Though “American Underdog” tells the story of Warner’s rise to stardom, the film is not just about football — it’s about struggles in everyday life and faith that gets people through tough times.
Before Kurt met and married his wife, Brenda, her son became disabled at a young age. She was told he would never walk or talk. Two years later and eight months pregnant with her second child, Brenda discovered her husband was cheating on her. She left him and became a single mother with a newborn and a child with a disability.
“The person sitting in that chair watching this movie is going to relate to those times in my life,” she said. “I am not special in that way. I don’t have superpowers. I am just a person doing the best I can. [This movie] is going to show … that I’m a flawed person.”
Warner later adopted Brenda’s children and said he learned more about his own mother, also a single parent, as a result.
“[My mom] didn’t get to live the life that I know she wanted because of some of those stereotypes and things that went with [being a single mother],” he realized.
Jon Erwin, director of American Underdog, said, “I love the idea that Kurt Warner first became a champion off the field before he became a champion on the field. It was him discovering his faith, a relationship with Jesus Christ. It was him embracing his role as a husband, as a father, and realizing life was bigger than he was.
“So many of us think, ‘Well, I’ve made some mistakes in my life. God can’t use me because of the mess I made,’” Erwin said. “Brenda felt that way. She had been told when she was very young by someone in church, ‘Hey, God’s gonna do something great with you.’ She thought that ship had sailed because of the choices she’d made and the things she’d messed up.”
Erwin said he put himself in the same category but noted that if Warner “can accomplish His dream and endure, and they can stay together as a couple, maybe we can, too.
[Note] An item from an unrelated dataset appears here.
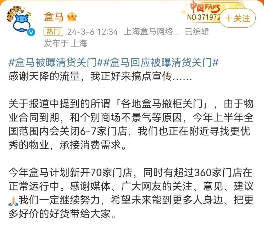 盒马很快发表回应,称这只是策略性调整,并且今年计划新开70家门店。

Maybe my crazy dreams are not as impossible as I once thought.”
Erwin said he is living proof of fulfilling a “crazy dream.” A native of Birmingham, a city not known for filmmaking, Erwin didn’t attend college. Now he’s directing major motion pictures.
“So many people give up too early. You never know when that breakthrough moment that God has for you is right around the corner,” Erwin encouraged. “If you give up too soon, you’ll never experience it. If God calls you to something, even when everyone in your life says it’s crazy, maybe the great lesson is just to never ever quit — remembering that success is long obedience in the same direction.”
EDITOR’S NOTE – Reviews of films, books, music or other media that appear in TAB are intended to help readers evaluate current media for themselves, their children and grandchildren in order to decide whether to watch, read or listen. Reviews are not an endorsement by the writer or TAB Media.